In your example, in FOREACH there are many nested DISTINCT statements that are executed in the reducer, it relies on RAM to calculate unique values, and this query only produces one job. If there are too many unique elements in a group, you can also get memory exceptions.
Fortunately, PIG Latin is a data stream language, and you write a kind of execution plan. To use more processors, you can change your code to make MapReduce jobs that can run in parallel. To do this, we must rewrite the query without using the nested DISTINCT, the trick is to perform various operations and how to group, as if you had only one column, and then merge the results. This is very similar to SQL, but it works. There he is:
records = LOAD '....' USING PigStorage(',') AS (g, a, b, c, d, fd, s, w); selected = FOREACH records GENERATE g, a, b, c, d; grouped_a = FOREACH selected GENERATE g, a; grouped_a = DISTINCT grouped_a; grouped_a_count = GROUP grouped_a BY g; grouped_a_count = FOREACH grouped_a_count GENERATE FLATTEN(group) as g, COUNT(grouped_a) as a_count; grouped_b = FOREACH selected GENERATE g, b; grouped_b = DISTINCT grouped_b; grouped_b_count = GROUP grouped_b BY g; grouped_b_count = FOREACH grouped_b_count GENERATE FLATTEN(group) as g, COUNT(grouped_b) as b_count; grouped_c = FOREACH selected GENERATE g, c; grouped_c = DISTINCT grouped_c; grouped_c_count = GROUP grouped_c BY g; grouped_c_count = FOREACH grouped_c_count GENERATE FLATTEN(group) as g, COUNT(grouped_c) as c_count; grouped_d = FOREACH selected GENERATE g, d; grouped_d = DISTINCT grouped_d; grouped_d_count = GROUP grouped_d BY g; grouped_d_count = FOREACH grouped_d_count GENERATE FLATTEN(group) as g, COUNT(grouped_d) as d_count; mrg = JOIN grouped_a_count BY g, grouped_b_count BY g, grouped_c_count BY g, grouped_d_count BY g; out = FOREACH mrg GENERATE grouped_a_count::g, grouped_a_count::a_count, grouped_b_count::b_count, grouped_c_count::c_count, grouped_d_count::d_count; STORE out into '....' USING PigStorage(',');
After execution, I received the following summary, which shows that individual operations were not affected by the skew in the data processed by the first Job:
Job Stats (time in seconds): JobId Maps Reduces MaxMapTime MinMapTIme AvgMapTime MaxReduceTime MinReduceTime AvgReduceTime Alias Feature Outputs job_201206061712_0244 669 45 75 8 13 376 18 202 grouped_a,grouped_b,grouped_c,grouped_d,records,selected DISTINCT,MULTI_QUERY job_201206061712_0245 1 1 3 3 3 12 12 12 grouped_c_count GROUP_BY,COMBINER job_201206061712_0246 1 1 3 3 3 12 12 12 grouped_b_count GROUP_BY,COMBINER job_201206061712_0247 5 1 48 27 33 30 30 30 grouped_a_count GROUP_BY,COMBINER job_201206061712_0248 1 1 3 3 3 12 12 12 grouped_d_count GROUP_BY,COMBINER job_201206061712_0249 4 1 3 3 3 12 12 12 mrg,out HASH_JOIN ..., Input(s): Successfully read 52215768 records (44863559501 bytes) from: "...." Output(s): Successfully stored 9 records (181 bytes) in: "..."

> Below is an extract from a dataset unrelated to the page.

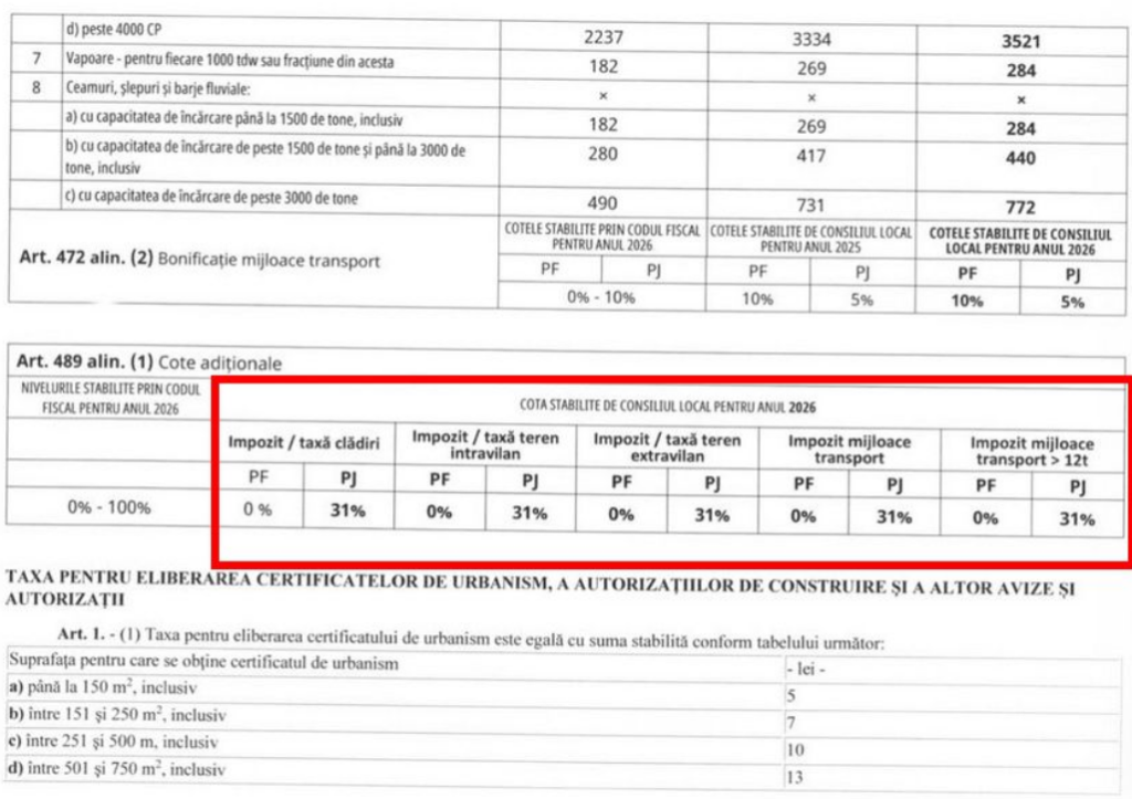 Ei cer acum, practic, același tratament pe care Primăria Cotești l-a aplicat persoanelor fizice. „Impozitul legal se calculează între 0,2 % și 1,3 %, iar noi nu am cerut reduceri sub pragul legal, ci doar aplicarea cotei maxime prevăzute de lege, 1,3 %, la fel ca în toate celelalte municipii și orașe din județ: Focșani, Odobești, Adjud, Mărășești, precum și în celelalte comune din Vrancea. Am ajuns să primim decizii de zeci de mii de euro impozit anual. Vom cere revizuirea de urgență a hotărârilor privind suprataxarea persoanelor juridice și alinierea acestora la cota maximă prevăzută de Codul Fiscal, așa cum s-a procedat deja în cazul persoanelor fizice, suprataxate și ele ani la rând”, ne-a declarat unul dintre oamenii de afaceri afectați de suprataxare. (Cristi IRIMIA)
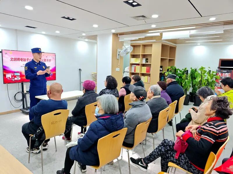 在居民区活动室,黄浦区复兴消防救援站的消防员围绕“居家用电安全”主题,结合近年来的典型火灾案例,通过视频、图文结合形式,深入浅出地讲解了超负荷用电、使用劣质电器、电热设备操作误区等常见风险。针对“漏电保护器频繁跳闸如何处理”“老旧线路自查要点”等居民现场提问,消防员进行“一对一”实操演示,让安全知识从“耳闻”转化为“心知”。

From the DAG job, we see that groupby operations were executed in parallel:
Job DAG: job_201206061712_0244 -> job_201206061712_0248,job_201206061712_0246,job_201206061712_0247,job_201206061712_0245, job_201206061712_0248 -> job_201206061712_0249, job_201206061712_0246 -> job_201206061712_0249, job_201206061712_0247 -> job_201206061712_0249, job_201206061712_0245 -> job_201206061712_0249, job_201206061712_0249
It works great on my datasets, where one of the group key values (in column g) is 95% of the data. It also gets rid of memory related exceptions.